▶ [Dataset entries]
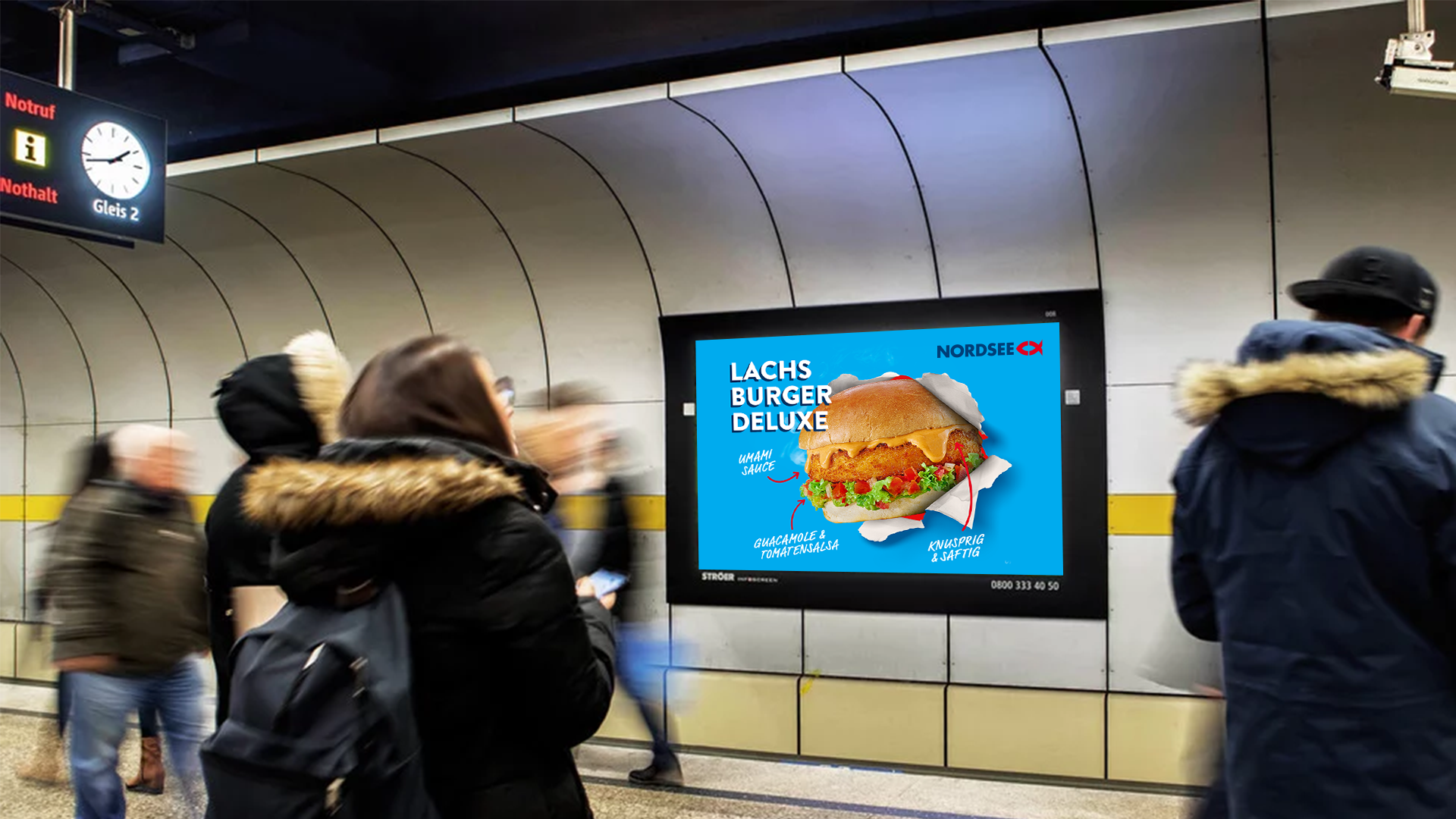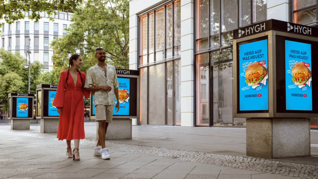 Außenwerbung in ausgewählten Großstädten, um die neuen NORDSEE Produkte im wahrsten Sinne in aller Munde zu bringen.
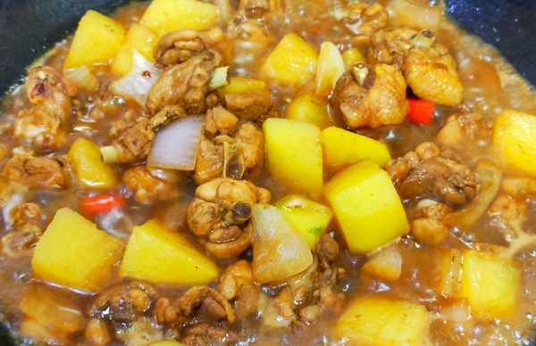 ④油熱炒制:鍋中油熱,加蒜段,小米辣段、一小塊火鍋底料,炒出香味,倒入醃制好的雞塊,翻炒至變色,關小火,繼續翻炒,加鹽、糖,倒入土豆塊,繼續翻炒,加大骨湯(從前做大盤雞拌面都是直接加清水燉,今天加大骨頭熬好的高湯,氣質更鮮)沒過食材,中小火燉煮至湯汁收至食材露出,加洋蔥,繼續燉煮至收汁,倒入準備好的拉條子面條翻炒均勻,裝盤,撒上香菜段做點綴。
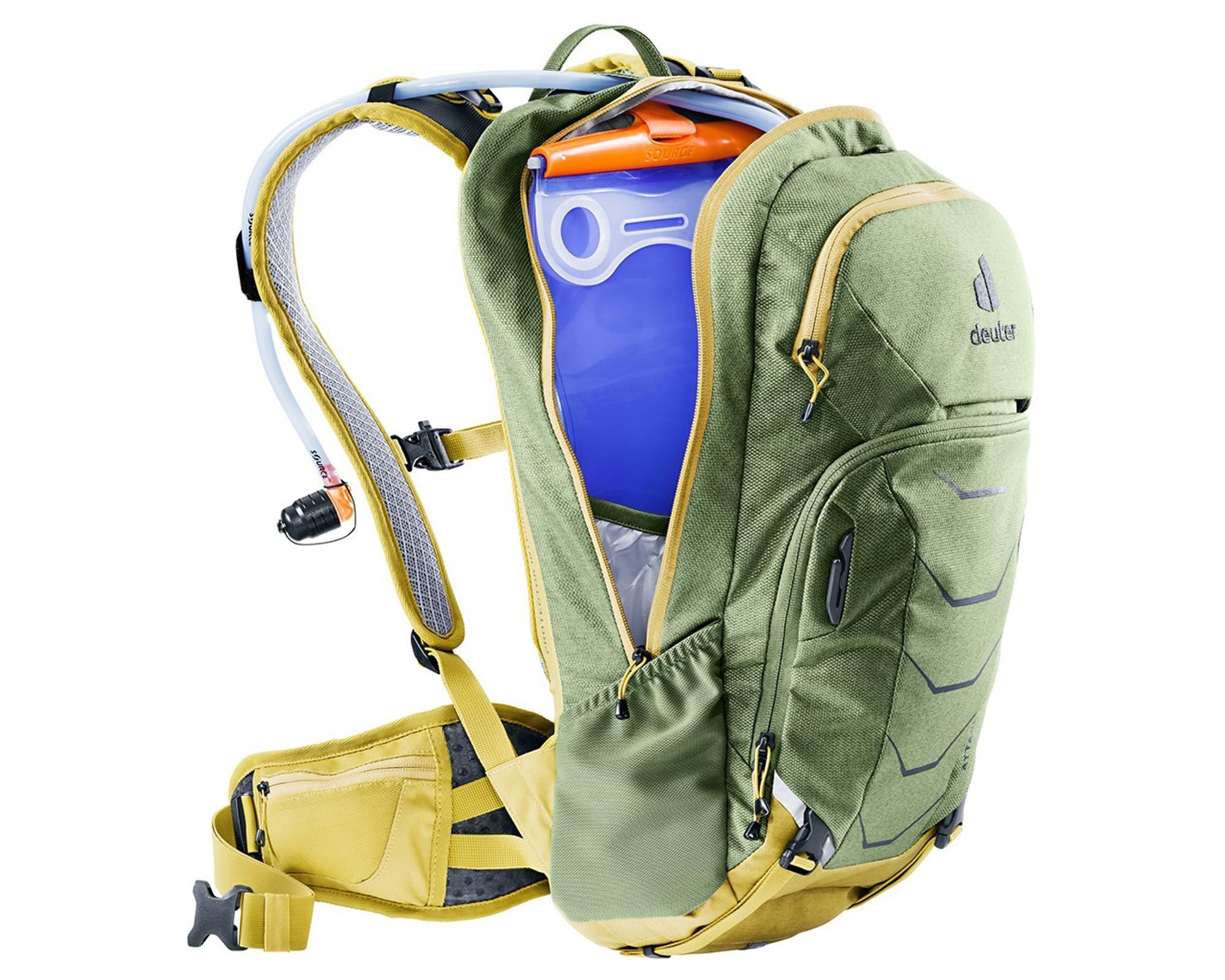 Deuter Attack 16 khaki-turmeric — сучасний захисний рюкзак, створений для гірських байкерів, які ставлять безпеку та комфорт на перше місце. Завдяки багатошоковому знімному протектору спини SAS-TEC, сертифікованому TÜV/GS, він забезпечує ефективний захист від ударів і зменшує ризик травм навіть на найскладніших трасах.
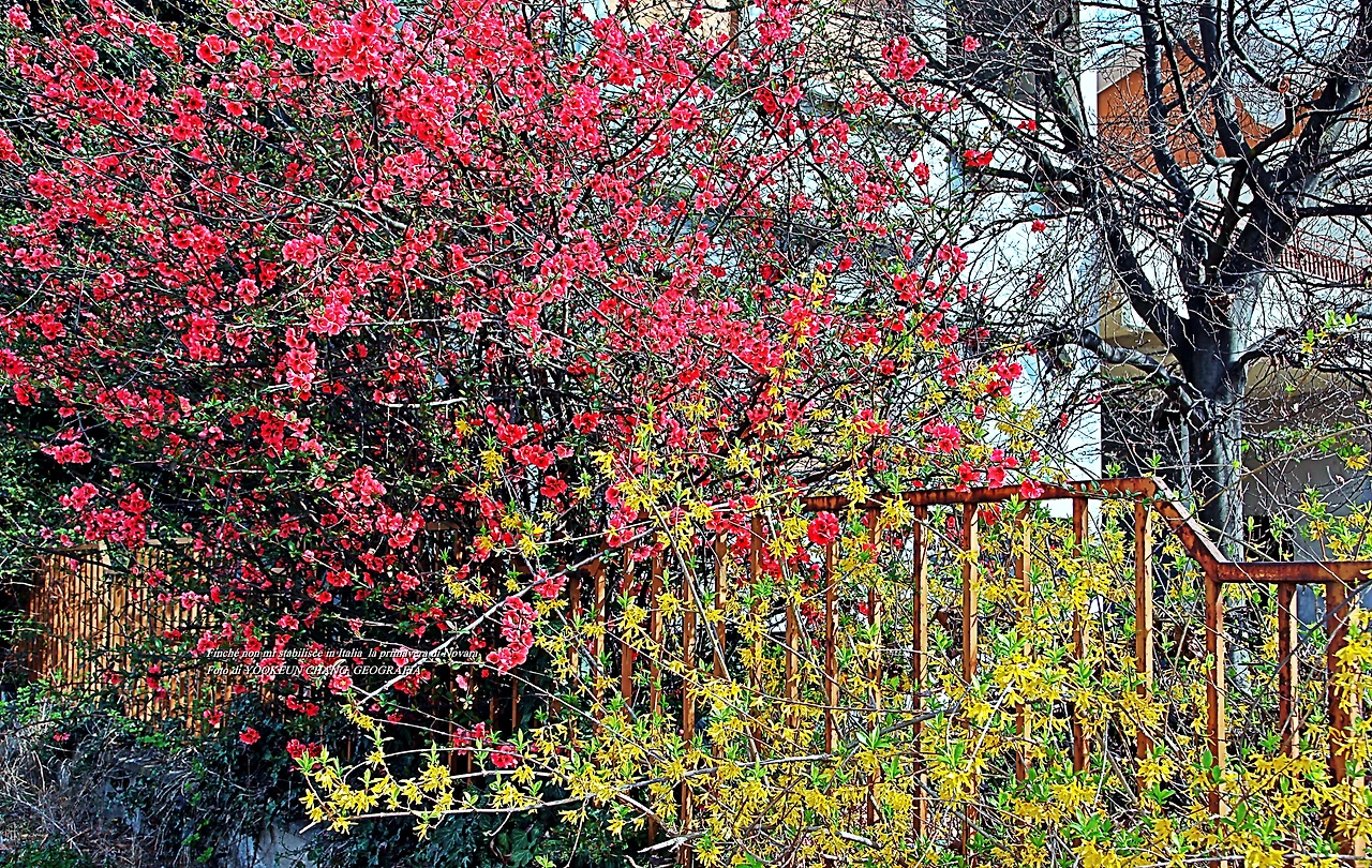 수로 곁에는 온통 꽃의 요정들로 물들었다. 명자꽃이 울타리 곁에 흐드러지게 피어 개나리꽃과 함께 떼창을 부르고 있는 풍경.. 이런 풍경을 접시 위에 올리면 식도락가들의 입맛을 마구 부채질한다. 특정 리체타 위에 명자꽃의 느낌을 올려놓으면 음식이라기보다 하나의 작품으로 재탄생하는 것.
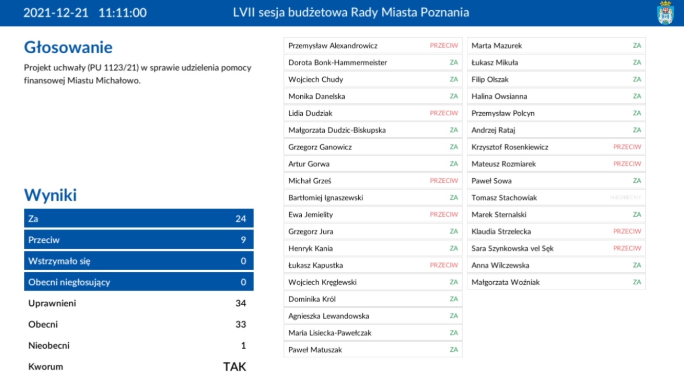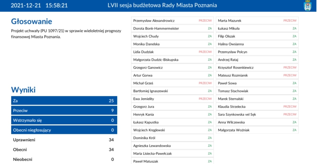 Na koniec radni przyjęli uchwałę ws. wieloletniej prognozy finansowej i oraz uchwałę ws. budżetu miasta Poznania na rok 2022. W tym ostatnim, najważniejszym w roku głosowaniu, 26 radnych głosowało za, a 8 było przeciw. (radny Kania pomylił się w głosowaniu i zgłosił to). Sesja budżetowa Rady Miasta Poznania trwała ponad siedem godzin. Odbywała się w trybie online. Zakończyła się o g. 16.35.
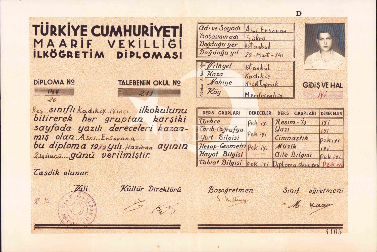 T.C. Milli Eğitim Bakanlığı İlkokul Diploması, Kadıköy18 inci İlkokulu, 1939 tarihli, 32x22 cm

▶ [Directions for this task] Only the text of the records belongs in your answer, repeated exactly; the pictures stay out.

▶ [Solution for this exercise]
 Außenwerbung in ausgewählten Großstädten, um die neuen NORDSEE Produkte im wahrsten Sinne in aller Munde zu bringen.
 ④油熱炒制:鍋中油熱,加蒜段,小米辣段、一小塊火鍋底料,炒出香味,倒入醃制好的雞塊,翻炒至變色,關小火,繼續翻炒,加鹽、糖,倒入土豆塊,繼續翻炒,加大骨湯(從前做大盤雞拌面都是直接加清水燉,今天加大骨頭熬好的高湯,氣質更鮮)沒過食材,中小火燉煮至湯汁收至食材露出,加洋蔥,繼續燉煮至收汁,倒入準備好的拉條子面條翻炒均勻,裝盤,撒上香菜段做點綴。
 Deuter Attack 16 khaki-turmeric — сучасний захисний рюкзак, створений для гірських байкерів, які ставлять безпеку та комфорт на перше місце. Завдяки багатошоковому знімному протектору спини SAS-TEC, сертифікованому TÜV/GS, він забезпечує ефективний захист від ударів і зменшує ризик травм навіть на найскладніших трасах.
 수로 곁에는 온통 꽃의 요정들로 물들었다. 명자꽃이 울타리 곁에 흐드러지게 피어 개나리꽃과 함께 떼창을 부르고 있는 풍경.. 이런 풍경을 접시 위에 올리면 식도락가들의 입맛을 마구 부채질한다. 특정 리체타 위에 명자꽃의 느낌을 올려놓으면 음식이라기보다 하나의 작품으로 재탄생하는 것.
 Na koniec radni przyjęli uchwałę ws. wieloletniej prognozy finansowej i oraz uchwałę ws. budżetu miasta Poznania na rok 2022. W tym ostatnim, najważniejszym w roku głosowaniu, 26 radnych głosowało za, a 8 było przeciw. (radny Kania pomylił się w głosowaniu i zgłosił to). Sesja budżetowa Rady Miasta Poznania trwała ponad siedem godzin. Odbywała się w trybie online. Zakończyła się o g. 16.35.
 T.C. Milli Eğitim Bakanlığı İlkokul Diploması, Kadıköy18 inci İlkokulu, 1939 tarihli, 32x22 cm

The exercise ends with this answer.